商品バーコードを機械に読み込ませ、顧客自身が精算までを行えるセルフレジは、近年さまざまな業態の店舗に取り入れられています。混雑の緩和や衛生面など、多くのメリットがありますが、導入コストや操作性などまだまだ課題はありそうです。今回は、セルフレジにはどのような種類があり、どのようなメリット・デメリットがあるのか、店舗側、顧客側双方の視点から紹介していきます。
目次
セルフレジの概要・種類について
「セルフレジ」とは、商品・サービスの購入や利用の際に、商品バーコードを機械に読み込ませることで顧客自身が精算までを行えるレジシステムのことです。スーパーマーケットやコンビニだけでなく、近年は衣料品メーカーなどさまざまな業態のお店で導入されています。
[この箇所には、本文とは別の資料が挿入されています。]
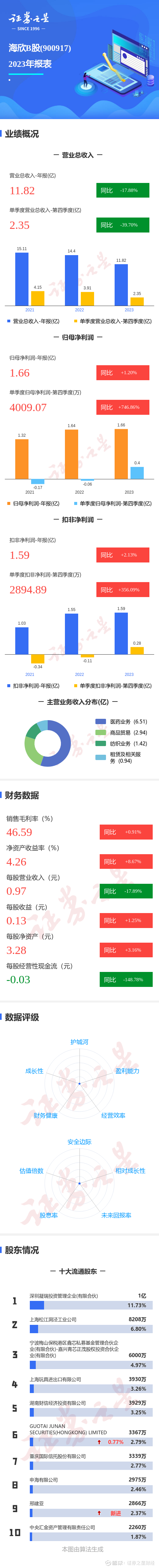 证券之星消息,海欣B股2023年年报显示,公司主营收入11.83亿元,同比下降17.88%;归母净利润1.66亿元,同比上升1.2%;扣非净利润1.59亿元,同比上升2.13%;其中2023年第四季度,公司单季度主营收入2.36亿元,同比下降39.7%;单季度归母净利润4009.08万元,同比上升746.86%;单季度扣非净利润2894.9万元,同比上升356.09%;负债率15.79%,投资收益1.55亿元,财务费用-707.32万元,毛利率46.59%。
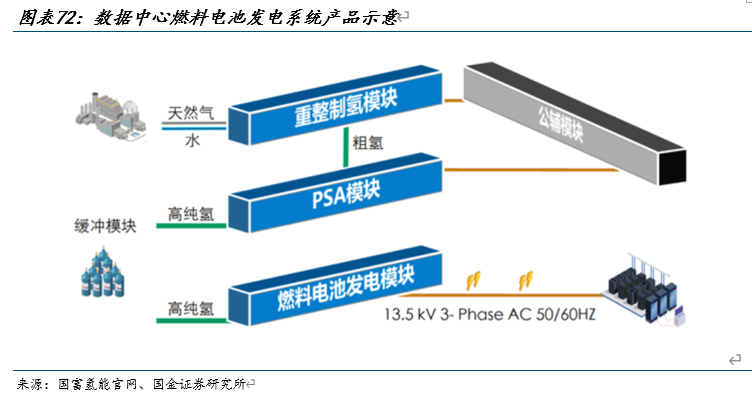 应用市场再拓展,燃料电池在固定式发电领域也可应用。天然气重整 纯化装置 质子交换膜燃料电池,相当于一套采用天然气作为燃料的发电系统,拥有成熟度高、降本空间大、常温发电、调节能力强等优势。

セルフレジには「フルセルフレジ」と「セミセルフレジ」の2種類があり、さらに最近では「レジレス」という方法も導入されています。主な特徴は下記のとおりです。
セルフレジ名 | 特徴 |
フルセルフレジ | 商品バーコードの読み取りから精算までを顧客自身が行う。商品や伝票に記載されているバーコードを専用機械のリーダーにかざすと商品名と金額が読み込まれ、合計金額を精算する。現金のほか、クレジットカードや電子マネーなども利用できる |
セミセルフレジ | 商品バーコードからの登録は店員が行い、レジ前の精算機で顧客自身が精算を行う仕組み。バーコードの読み取りに顧客が手間取ることがないため、フルセルフレジよりもスムーズに進むこともある |
レジレス | 店舗の入店時に生体認証などで本人確認を行い、手にした商品や商品棚に戻した商品をセンサーが認識し、退店時に自動決済が行われる |
【店舗編】セルフレジの導入によるメリット
セルフレジを導入することによって、店舗側にとってはどのような効果があるのでしょうか。ここでは店舗編としてセルフレジ導入のメリットを説明します。
- 回転率の向上につながる
- 人件費の抑制につながる
- 精算ミスの防止につながる
回転率の向上につながる
フルセルフレジの場合、バーコードのスキャンに不慣れな顧客が手間取ったり、バーコードが読み取りにくい商品で読み取りに時間がかかったりすることもありますが、セミセルフレジの場合には、商品のスキャニングは店員が行い、精算のみを顧客がレジで行うため、フルセルフレジよりも比較的回転率が高くなることが考えられます。レジにおいての回転率が高まるということは、売上額が上がることにもつながるだけでなく、レジ待ちでの時間も短縮できるため、顧客満足度の向上にもつながります。
人件費の抑制につながる
セルフレジを導入することでレジを担当する人員が減ることから、最低限の人数で運営することができるため、人件費の抑制につながります。人件費が抑えられることでその分の予算を商品価格や新たなプロモーションに活用することができ、結果的に顧客満足度の向上にもなります。
精算ミスの防止につながる
店員がレジ打ちを行っていたときには、金額の入力間違い、商品バーコードのスキャン漏れ、目視での釣り銭の数え間違いなど、さまざまな人的ミスが起こっていました。しかし、セルフレジにすることで、金額の入力間違いや、釣り銭の数え間違いなどといった、機械が行える精算業務に関してのミスの抑制が可能になっています。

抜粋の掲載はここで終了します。